*Data provided*
*** Begin section ***

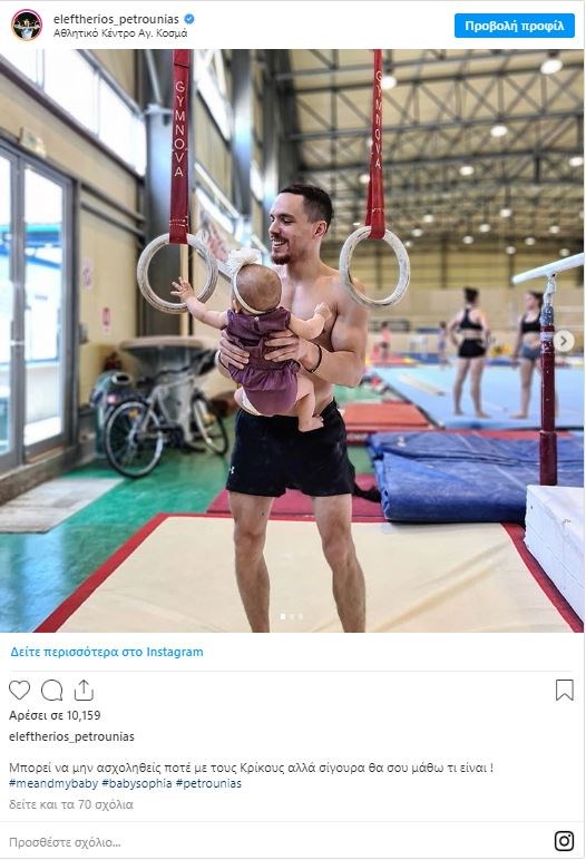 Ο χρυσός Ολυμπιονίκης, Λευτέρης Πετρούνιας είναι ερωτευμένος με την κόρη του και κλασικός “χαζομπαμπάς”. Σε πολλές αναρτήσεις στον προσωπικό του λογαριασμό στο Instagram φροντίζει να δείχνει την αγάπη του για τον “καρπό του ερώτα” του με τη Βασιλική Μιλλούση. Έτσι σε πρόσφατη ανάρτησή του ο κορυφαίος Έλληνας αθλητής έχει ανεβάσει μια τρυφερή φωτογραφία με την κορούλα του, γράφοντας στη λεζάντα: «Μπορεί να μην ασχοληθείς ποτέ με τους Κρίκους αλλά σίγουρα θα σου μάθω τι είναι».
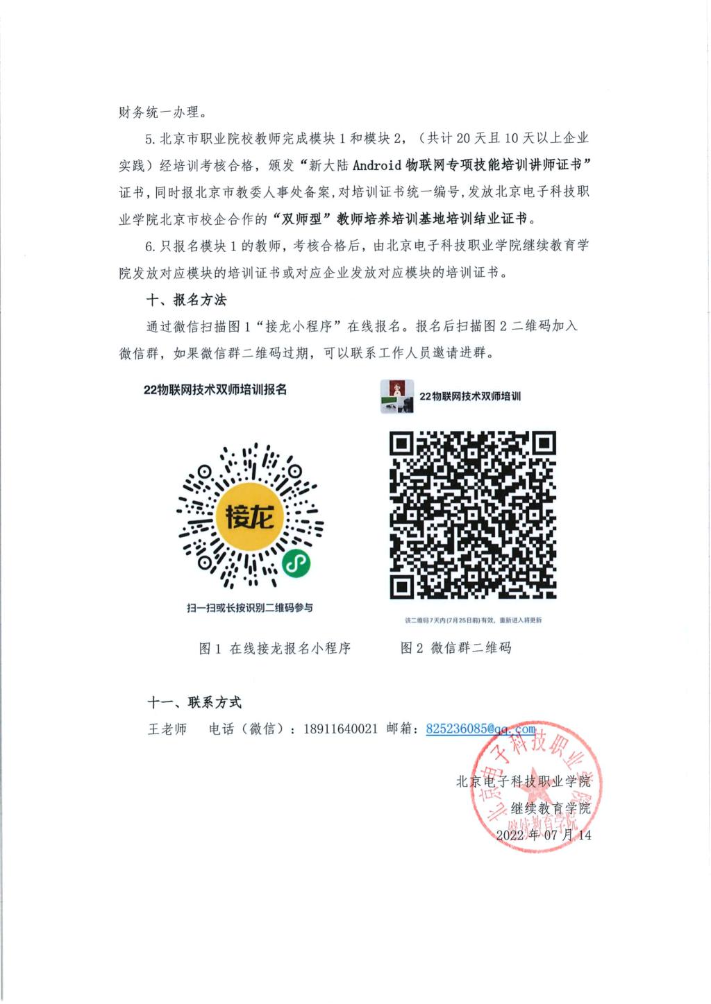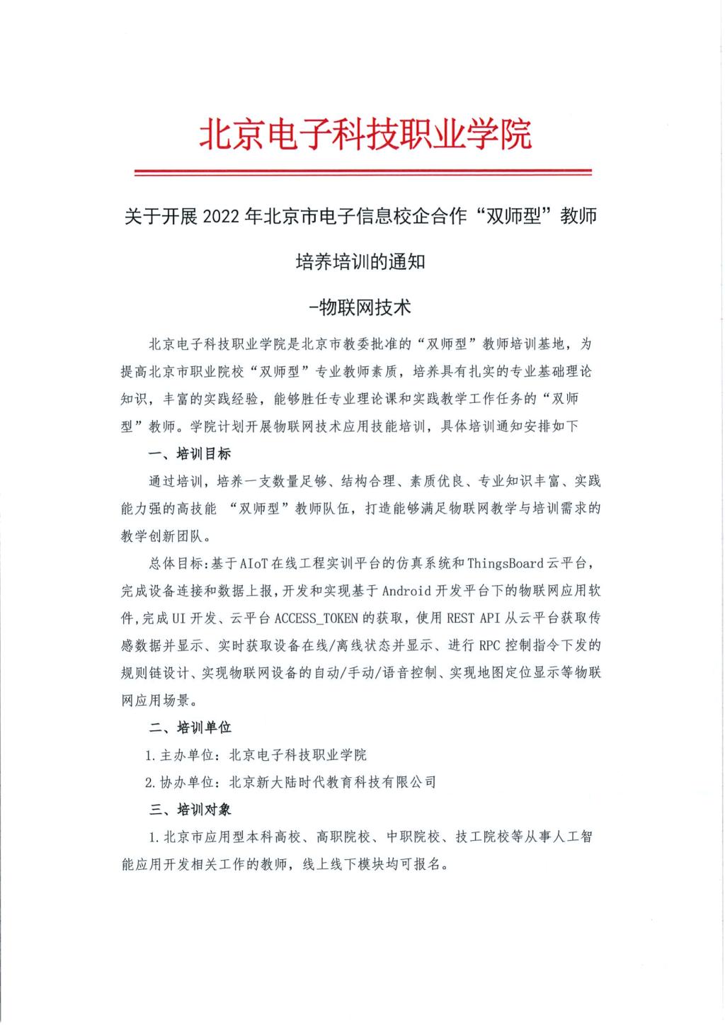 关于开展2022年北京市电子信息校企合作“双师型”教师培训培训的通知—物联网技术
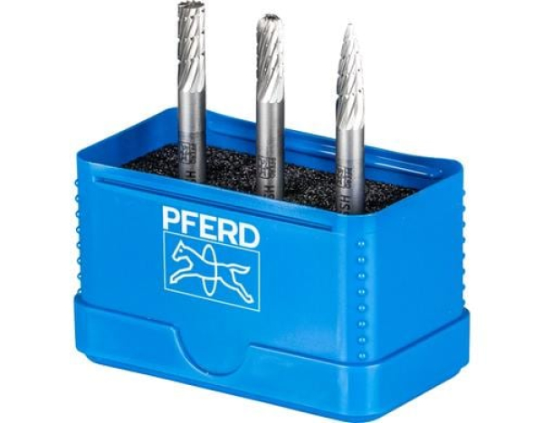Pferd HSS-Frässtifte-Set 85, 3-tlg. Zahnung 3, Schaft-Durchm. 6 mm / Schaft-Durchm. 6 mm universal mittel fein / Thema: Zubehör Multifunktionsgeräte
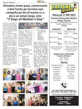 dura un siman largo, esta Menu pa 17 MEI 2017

*** End section ***

*Description of the task*
Print the lines from the one that contains "关于开展2022年北京市电子" through the final line of the material above, exactly and only those, with pictures left out.

*Written answer*
 关于开展2022年北京市电子信息校企合作“双师型”教师培训培训的通知—物联网技术
Pferd HSS-Frässtifte-Set 85, 3-tlg. Zahnung 3, Schaft-Durchm. 6 mm / Schaft-Durchm. 6 mm universal mittel fein / Thema: Zubehör Multifunktionsgeräte
 dura un siman largo, esta Menu pa 17 MEI 2017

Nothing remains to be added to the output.